Let us resolve that school choice is not the magic elixir that will solve all that ails k-12 education. Yes, options are important for families. But we cannot overlook that the vast majority of school-aged kids today attend traditional public schools and will continue to attend them. Our attentions and resources – both financial and human – should be directed proportionally, based on where kids are today.

Let us resolve that a college degree in the liberal arts is not the solution for every child. Yes, postsecondary education is a non-negotiable today. But that education can be found at community colleges. It can be discovered in career and technical education programs. It can be found in STEM and computer science. College is just as much about equipping learners with career skills and opportunities as it is helping them become lifelong learners. We mustn’t let our focus linger on the latter, to the detriment of the former.
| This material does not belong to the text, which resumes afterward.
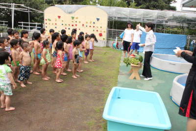 今日はプール開きがありました!! 子ども達はみんなとても楽しみに待っていたので 良いお天気になりよかったです(^^) さっそく水着に着替え、園長先生のお話をしっかり聞いて(*^_…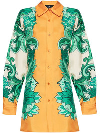 floral-print silk shirt Highlights - Tangerine orange - Front button fastening - Buttoned cuffs - Twist detailing - Long sleeves Made in Italy Composition Silk 100%

And most importantly, in the words of Secretary DeVos, we must resolve to engage those with whom we disagree. As we look to 2018, there are many big ideas on which we can and should be focused. Building the schools and classrooms of tomorrow. Personalizing learning for all, based on both learner interests and needs, and doing so beyond just the computer screen. Expanding our worldview of assessment beyond the summative. Strengthening our educational systems to best serve special education and ELL students. Enhancing career/technical education and STEM offerings to keep up with the ever-changing reality of our digital, Information Age. Real investment in these areas only happens when we are able to break down the walls, and engage in tough yet meaningful dialogues on what our schools, our educators, and our learners need to succeed in the future.

Such dialogue on these essential issues is required if we are to look to the bigger, bolder, dream issues that education can face. How do we empower educators to design the right learning opportunities for all those they are teaching? How do we effectively use assisted and augmented reality offerings to improve the learning process? How do we demonstrate that learning is about mastery and doing, and not just about ticking off items on a prescribed checklist? How do we bring educators and parents together as partners in the learning process? How do we enlighten all those in the process to see the value in high-quality assessments? How do we embrace the notion that standards — whether for teachers or learners — are intended to be floors and not ceilings?
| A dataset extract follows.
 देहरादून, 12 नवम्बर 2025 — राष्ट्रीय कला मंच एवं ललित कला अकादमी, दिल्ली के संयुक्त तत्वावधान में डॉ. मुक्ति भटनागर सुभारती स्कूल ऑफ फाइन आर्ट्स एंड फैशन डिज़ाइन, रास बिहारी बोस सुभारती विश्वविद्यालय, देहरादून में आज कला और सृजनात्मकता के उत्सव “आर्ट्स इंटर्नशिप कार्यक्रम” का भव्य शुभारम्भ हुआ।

When it comes to education, the new year is one chock full of both challenges and opportunities. Yes, we can muddle through another year, making some incremental gains or slippages, based on the perspective. Or we can acknowledge that we, as a community, agree on far more than we disagree with. Even the most hardened status quoer and the most indignant reformer can and should agree on 75 percent of all that faces education today. It is in that remaining 25 percent that we have our most robust discussions and disagreements.

In that 25 percent, we must heed the advice of the EdSec and speak genuinely and engage on those important topics. No, we won’t agree. We probably shouldn’t agree. But we if disagree in a respectful and thoughtful manner, and continue to have those dialogues over the areas of disagreement, we can move toward a better teachers, better learners, and a stronger educational tapestry for virtually all.

It may seem awfully simplistic, but our big idea for education in 2018 should be improved communication. Our resolutions for the new year should focus on how we improve the substance and depth of our conversations. And our engagements should reflect active listening, where we actually hear those we may disagree with, rather than think about what our next dazzling talking point should be. If we are serious about improving education, the simplicity of communication may be our most effective tool.